▶ **TASK PROMPT**
Your output should be the exact lines from the start of the data through the line containing "- 【60-Day+ Sustained", with no pictures.

▶ **Data excerpts**
*** Block opens ***

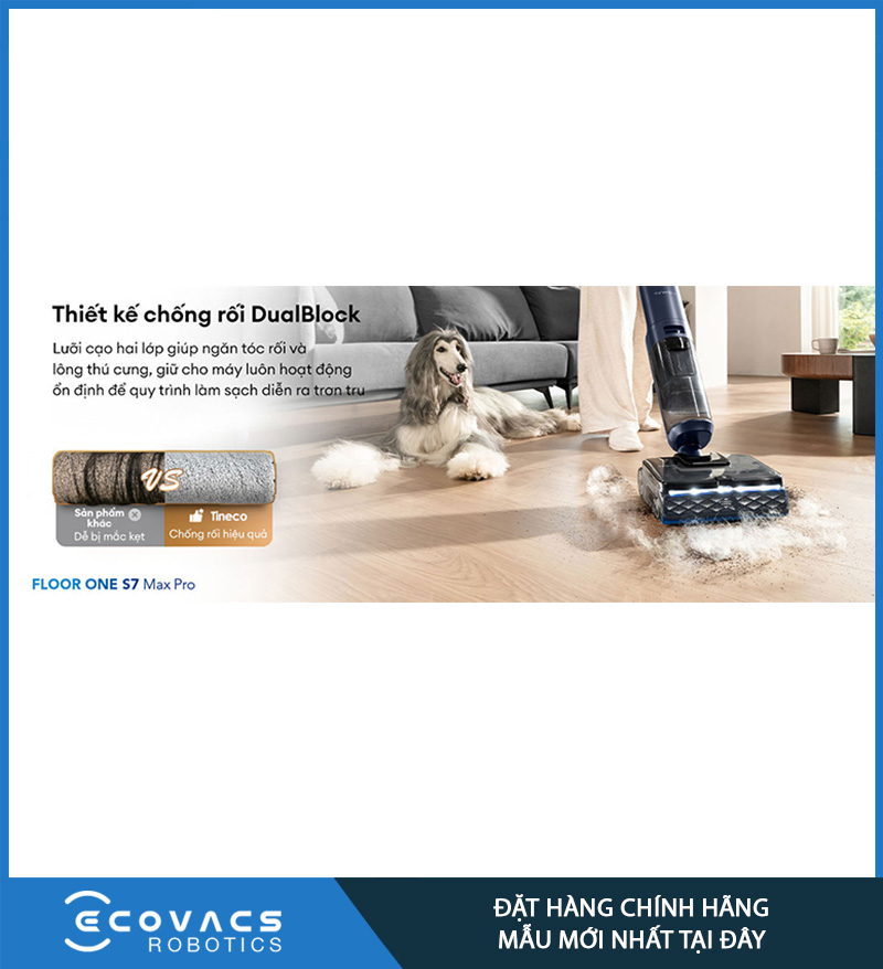 Tineco S7 Max Pro được trang bị hệ thống chống rối DualBlock – một cải tiến đột phá gồm 2 lớp chắn rối thông minh, giúp:
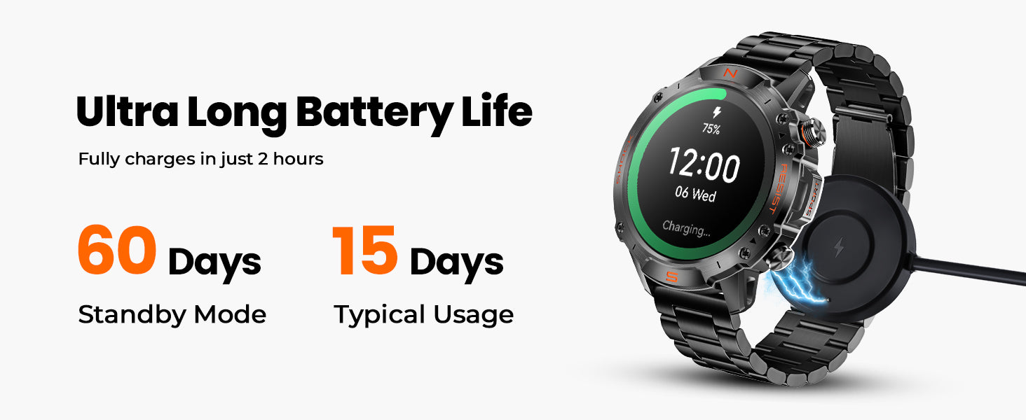 - 【60-Day+ Sustained Power】Engineered for endurance, this smart watches for men delivers 60-day standby power and 15-day continuous operation. The advanced magnetic charging system achieves full power in 2 hours, maintaining reliable performance during extended workouts or outdoor excursions.
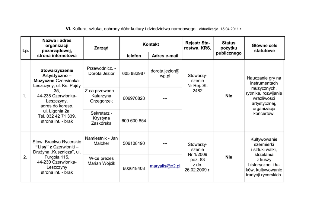 VI. Kultura, sztuka, ochrony dóbr kultury i dziedzictwa narodowego– aktualizacja 15.04.2011 r. Lp. 1. 2. Nazwa i adres organizacji pozarządowej, strona internetowa telefon Przewodnicz. Stowarzyszenie Dorota Jezior 605 882987 Artystyczno – Muzyczne CzerwionkaLeszczyny, ul. Ks. Pojdy 35, Z-ca przewodn. 44-238 CzerwionkaKatarzyna 606970828 Leszczyny, Grzegorzek adres do koresp. ul. Ligonia 2a. Sekretarz Tel. 032 42 71 339, Krystyna 609 600 854 strona int. - brak Zaskórska Stow. Bractwo Rycerskie “Lisy” z Czerwionki – Drużyna „Kusznicza”, ul. Furgoła 115, 44-230 CzerwionkaLeszczyny strona int. - brak Namiestnik - Jan Malcher Rejestr Starostwa, KRS, Kontakt Zarząd 506108190 W-ce prezes Marian Wójcik 602618403 Adres e-mail dorota.jezior@ wp.pl Status pożytku publicznego Główne cele statutowe Nie Nauczanie gry na instrumentach muzycznych, rytmika, rozwijanie wrażliwości artystycznej, organizacja koncertów. Nie Kultywowanie szermierki i sztuki walki, strzelania z kuszy historycznej i łuków, kultywowanie tradycji rycerskich. Stowarzyszenie Nr Rej. St. 2482 --- --- --- Stowarzyszenie Nr 1/2009 poz. 83 z dn. [email protected] 26.02.2009 r. Lp. 3. 4. Nazwa i adres organizacji pozarządowej, strona internetowa Stowarzyszenie Kulturalno-Społeczne „Orkiestra Dębieńsko”, ul. Ligonia 2a, Tel. 0324311239 44-230 CzerwionkaLeszczyny strona int. http://www.fopszrybnik. nazwa.pl/ip/orkiestra/ Stowarzyszenie „Najważniejsza jest tradycja”, 44-230 CzerwionkaLeszczyny ul. Wolności 2a. Prezes Wojciech Pukowiec, W-ce prezes Konrad Hajduk Skarbnik Sabina Kierpiec telefon Adres e-mail 608 656 926, 32 4311239 wojciech. pukowiec@i nteria.pl --- --- Stanisław Mich, Stanisław Chlubek Prezes - Łukasz Gamza --- Stowarzyszenie Nr 0000317650 Status pożytku publicznego Nie --- Główne cele statutowe Propagowanie twórczości muzycznej , wspieranie amatorskiego ruchu muzycznego. --- 695 347 550 Z-ca prezesa 792 937 877 Marcin Szołtysek Skarbnik/sekretarz - Marcin Malich Rejestr Starostwa, KRS, Kontakt Zarząd 605371450 egon_@ poczta.onet.pl --- --- 0000342435 z dn. 25.11.2009 r. Nie Upowszechn. i rozwój sportu, turystyki i rekreacji promocja meczów p. nożnej, koszykówki i innych zawodów sport., przeciwdziałanie patologiom społ. poprzez sport wśród dzieci i młodzieży.
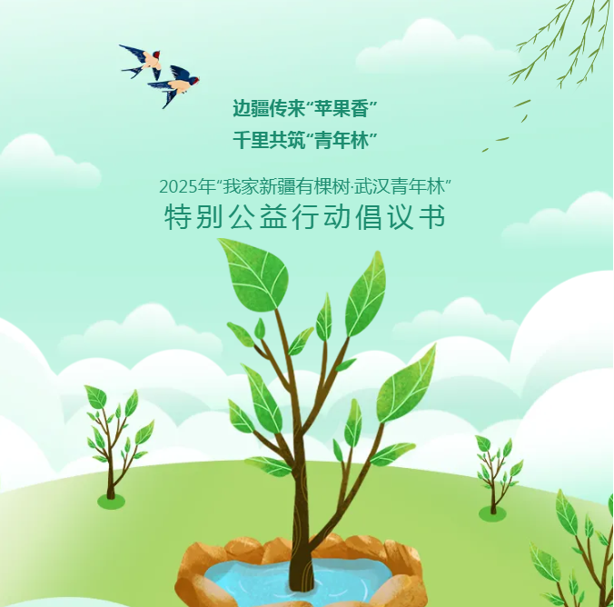 2025年“我家新疆有棵树——武汉青年林”公益项目,计划在博乐市种植5000棵苹果和海棠树。
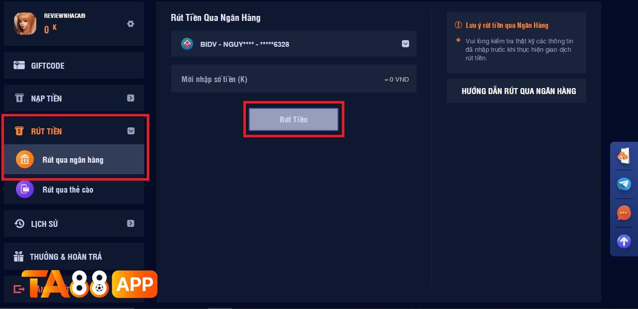 Lưu ý khi rút tiền tại Ta88 về BIDV
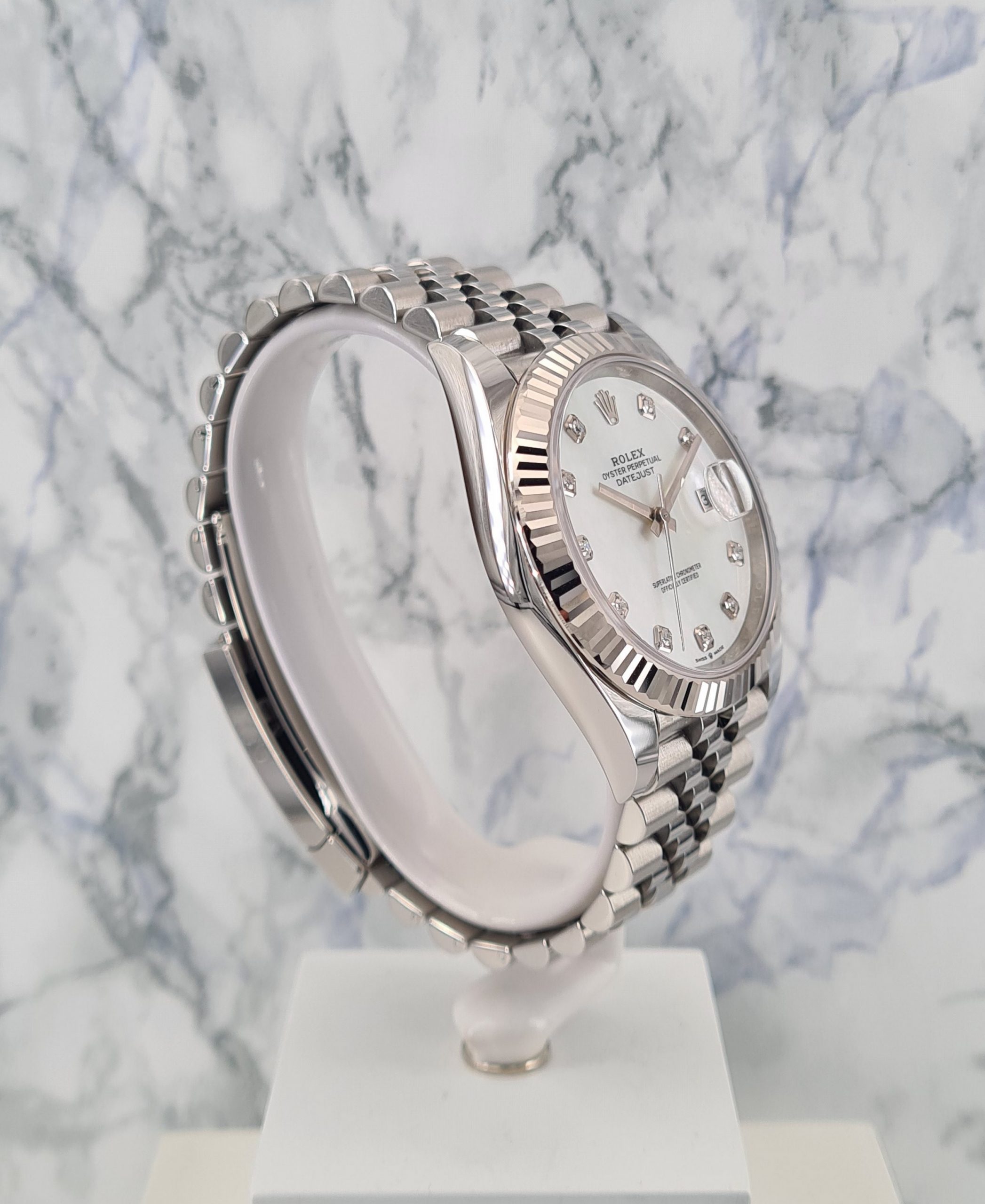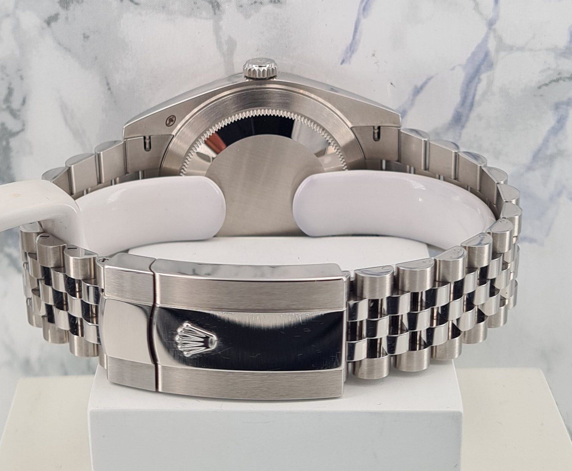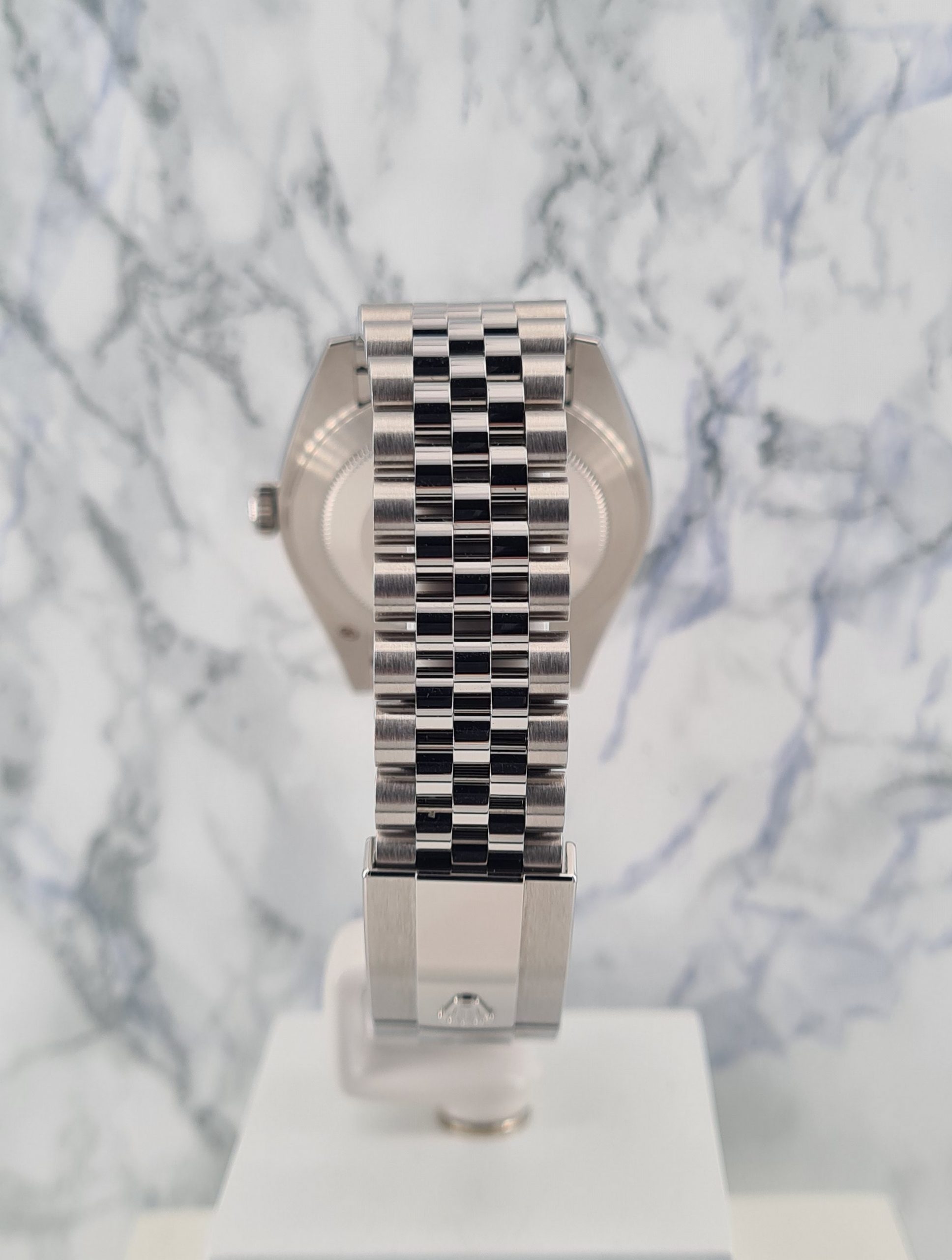 Le boîtier Oyster de 41 mm de la Datejust II, garanti étanche jusqu’à 100 mètres, est un exemple de robustesse. Sa carrure aux formes caractéristiques est taillée dans un bloc massif d’acier 904L particulièrement résistant à la corrosion. Le fond cannelé est hermétiquement vissé à l’aide d’un outil spécial propre aux horlogers Rolex.

*** Block closes ***

▶ **ANSWER BELOW**
 Tineco S7 Max Pro được trang bị hệ thống chống rối DualBlock – một cải tiến đột phá gồm 2 lớp chắn rối thông minh, giúp:
 - 【60-Day+ Sustained Power】Engineered for endurance, this smart watches for men delivers 60-day standby power and 15-day continuous operation. The advanced magnetic charging system achieves full power in 2 hours, maintaining reliable performance during extended workouts or outdoor excursions.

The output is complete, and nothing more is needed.